Featured events

7-9 September 2012
Brussels Games

Brussels Gay Sports will offer a weekend of fun and fairplay in the capital of Europe, with volleyball, swimming, badminton, and tennis, as well as fitness and hiking.

Learn more HERE.
26-28 October 2012
Bern, Switzerland

The success of the first edition of the QueergamesBern proved the need for an LGBT multisport event in Switzerland. This year will be even bigger, with badminton, bowling, running, walking, floorball.

Learn more HERE.
17-20 January 2013
Sin City Shootout
Las Vegas
The 7th Sin City Shootout will feature softball, ice hockey, tennis, wrestling, basketball, dodgeball, bodybuilding and basketball.

Learn more HERE.

13-16 June 2013
IGLFA Euro Cup
After this year's edition in Budapest at the EuroGames, the IGLFA Euro Cup heads to Dublin for 2013, hosted by the Dublin Devils and the Dublin Phoenix Tigers.

Learn more HERE.

Friday, June 22, 2012

A Washington angle to Nike LGBT Sport Summit

Les Johnson and Ashland Johnson at Portland Pride Parade
The Washington Blade looks at last weekend's Nike LGBT Sport Summit in Portland, where Team DC president Les Johnson represented the Federation of Gay Games, and where other Washingtonians also participated:

A transgender former George Washington University basketball player was among the nearly 30 people who took part in an LGBT sports summit at Nike’s world headquarters in Beaverton, Ore., from June 14-17.

Kye Allums, who came out as trans in a 2010 interview with the LGBT sports website Outsports.com, joined Team DC President Les Johnson and National Center for Lesbian Rights policy counsel Ashland Johnson, who also lives in D.C., at the confab.
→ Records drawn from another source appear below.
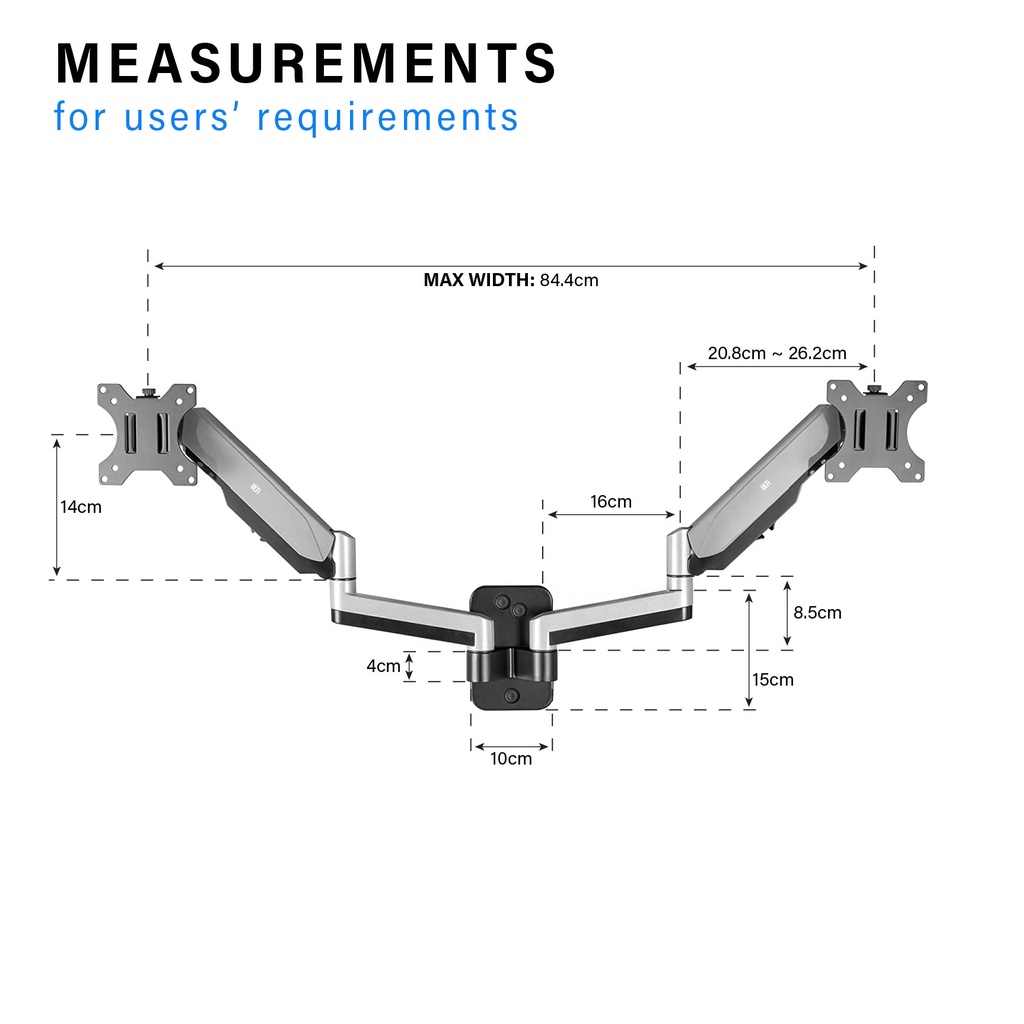 ULTi Dual Monitor Wall Mount, Gas Spring Built-in Full Motion Arm for Flat & Curved Screens, VESA, Cable Management, 32'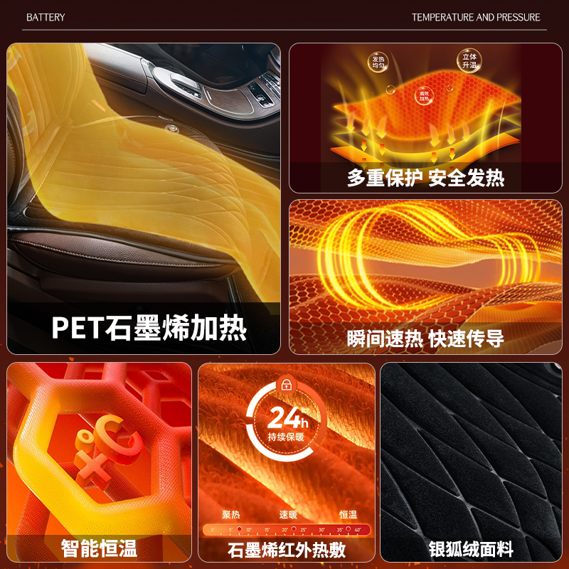 石墨烯汽车加热坐垫冬季 毛绒座垫12V24V保暖 单座椅车载电加热改装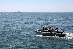 BLACK SEA (July 9, 2021) Sailors assigned to the Arleigh Burke-class guided-missile destroyer USS Ross (DDG 71) prepare to transfer passengers between ships using a rigid-hull inflatable boat during Exercise Sea Breeze in the Black Sea, July 9, 2021. Exercise Sea Breeze is a multinational maritime exercise cohosted by U.S. Sixth Fleet and the Ukrainian Navy in the Black Sea since 1997. Sea Breeze 2021 is designed to enhance interoperability of participating nations and strengthen maritime security and peace within the region. (U.S. Navy photo by Mass Communication Specialist 2nd Class Claire DuBois/Released)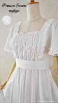 胸のシャーリングとふんだんに使ったギャザーフリルがポイント。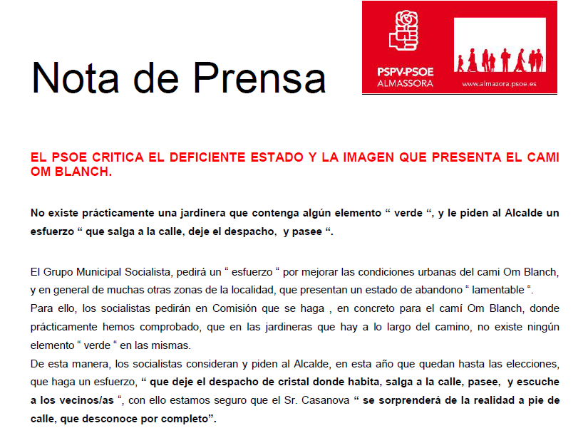 PP manda nota PSPV exige mejora Camí­ Om Blanc 240817El concejal del PP en Almassora, reivindicaba este mismo mes de agosto la necesidad de reponer bolardos en la playa, mientras Fernando Oliva, también concejal del Grupo Municipal del PP, transmitía a los dos ayuntamientos que había vecinos que se quejaban del estado de abandono de solares en la playa lo cual fomentaba la proliferación de plagas y basuras cerca de sus viviendas.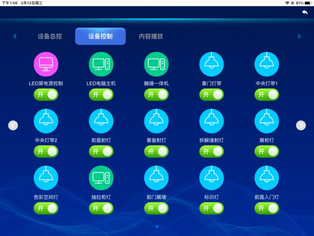 實(shí)現(xiàn)運(yùn)用ipad一鍵開館閉館、燈光全開/全關(guān)、播放控制等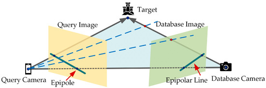 Using the point-by-point sampling approach, however, a small sample distance results in redundant picture information and a greater database size, which increases the retrieval complexity and time consumption. Excessive sampling spacing will lead to the lack of image information and coordinate information for some scenes in the visual map, limiting the accuracy of image retrieval or even making it impossible, resulting in the inability to achieve positioning in the online stage. As a result, and based on epipolar geometry, this paper proposes a visual map construction method that uses feature point matching, so as to determine the optimal sampling interval within the constraints and effectively control the scale of the database. As shown in Figure 4, the relative positional relationship between the query camera and the database camera can be estimated according to the epipolar geometry.
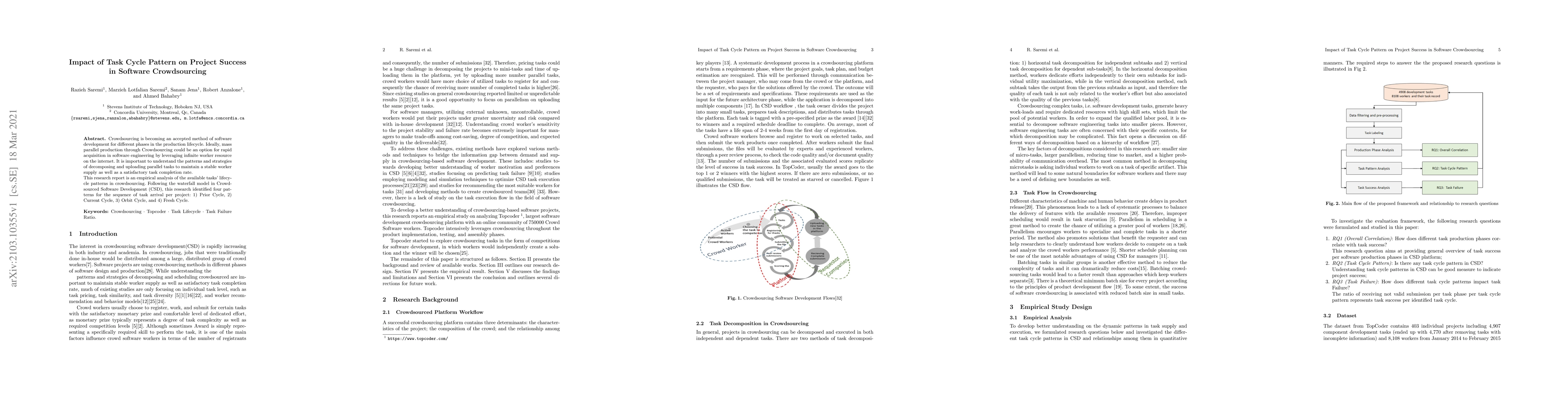 This research investigates the impact of different task cycle patterns on project success in crowdsourcing software development. It identifies four task arrival patterns—Prior Cycle, Current Cycle, Orbit Cycle, and Fresh Cycle—and analyzes their effectiveness in maintaining worker supply and task completion rates.

Campus Pride, ESPN, Nike and the National Collegiate Athletic Association were among the 20 organizations that sent representatives to the summit.

During the three-day gathering, participants drafted four broad goals on which they will work over the next four years to end harassment and discrimination against LGBT athletes and coaches. These include collaborations with major professional sports leagues to make them more LGBT inclusive, increased visibility of out collegiate athletes and coaches and the implementation of LGBT-inclusive policies in at least five adult and youth recreational leagues. The fourth objective is to have at least two million young people hear what summit organizers describe as an inclusive definition of “athletic champion.”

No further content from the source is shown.